Windows doesn’t support it out of the box, while it does support zip files, so we leaned to the side of compatiblity there. For my graphicall builds i decided not to care and use 7Z never heard a complaint, that being said, GA does have much less users than the main blender site, and given they are looking for specialized builds odds are they are more advanced users.

1 Like

In the age of fiber and 100mbit - 1gbit internet speeds becoming commonplace, I don’t know that it is really that big of a deal to fuss over shaving a few megabytes off of a download, especially when compared to the availability of the decompression tools in the various systems.

1 Like

In the age of fiber and 100mbit - 1gbit internet speeds becoming commonplace, I don’t know that it is really that big of a deal to fuss over shaving a few megabytes off of a download, especially when compared to the availability of the decompression tools in the various systems.

What he said! I realize that any hint of inefficiency drives some people nuts, but in terms of bang for the buck, there is not much gain in building and maintaining the infrastructure to do this.

Woot! I was looking over my notes on this and found another set of test results. I made a crude Courgette directory patcher in python and was able to use that code to shrink the size of an update down even more than with Xdelta. The results for a patch to go from dc3b5024be1a to a1ae04d15a9f:

  • uncompressed patch size: 13.5 MiB
  • patch compressed using zip (ultra deflate) 8.45 MiB
  • patch compressed using 7zip (ultra LZMA2) 5.8 MiB.

One major drawback, making the original uncompressed patch directory took almost 15 minutes on a 4th gen i5, but part of this is due to the fact that my directory patcher script runs single threaded.

@kilon sorry for a late update on this, I did find parts of this experiment, but I couldn’t find my notes on the binary sampling idea. Instead I found some python code that did a slow byte-by-byte move through data, using operations like file.seek() and file.tell(), to search for a chunk of data that matched an expected hash value. If there is interest I can look into uploading the code, but it seemed pretty hackish. On the other hand, I also found this neat info-graphic I made to document Bencode (updated to use a more recent torrent as the original torrent it was based off of seems to have disappeared).

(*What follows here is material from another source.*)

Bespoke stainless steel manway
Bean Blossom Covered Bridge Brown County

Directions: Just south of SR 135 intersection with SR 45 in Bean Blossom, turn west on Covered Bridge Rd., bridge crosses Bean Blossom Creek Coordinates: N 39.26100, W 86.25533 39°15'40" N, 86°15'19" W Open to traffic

Inexpensive and uncapped 100mbit to 1gbit speeds are not commonplace unless you live near a large metropolitan area (at least this is the case for a big chunk of North America).

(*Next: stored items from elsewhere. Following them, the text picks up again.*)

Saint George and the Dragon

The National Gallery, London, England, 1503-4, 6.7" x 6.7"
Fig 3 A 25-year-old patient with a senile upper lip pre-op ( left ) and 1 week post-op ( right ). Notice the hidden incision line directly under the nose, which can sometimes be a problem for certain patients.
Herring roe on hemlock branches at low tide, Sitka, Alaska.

I am feeling a sense of deja vu here, but to lay out some other advantages to this approach (besides a shorter download time):

  • potentially massive bandwidth savings (assuming you do not run into Jevon’s Paradox) as you are reducing file sizes by up to 95 percent
  • large potential for file storage space savings with daily builds. this would make it easier to host multiple builds per OS (and open up the possibility of letting new users “roll back” to a previous build if the most recent build was DOA)
  • the entire project could be hosted by anyone with access to the daily builds (although if hosted by a third party it would require their patch server to download a new daily build everyday to make patches from)
  • if you are just looking to test out a more recent build (say your current build is several days old), it’s potentially much faster to do updates (or rollbacks) this way than even building from source as you wouldn’t have to update local repos and wait for your build environment to load itself into memory, open the project, and compile everything.
  • this approach would not be tied to the blender project, potentially any software project releasing daily/nightly builds could take advantage of a setup like this
1 Like

for the quickest conclusion, for the daily builds, it would be very useful to have a simple “update to last” button inside blender, which downloads only the files changed from the previous build … it would save a lot of time and bandwidth.

2 Likes

There is nice script BlenderUpdaterCLI which can be used for this… It has also a complete video tutorial how to use it… But I agree that it would be great if Blender would have this integrated.

or:

Hi, I wait for such an “Updater” for a long time.
It is not only the file size, you save up several steps like open builder DL page, DL, unzip, change desktop shortcut, delete old build, delete zip.
For examle: I use Vivaldi browser snapshot (Beta), start update, load difference, auto restart > Ready (Windows only).
This should be working for Release builds too, except major upgrades 2.8 > 3.0 maybe.

Cheers, mib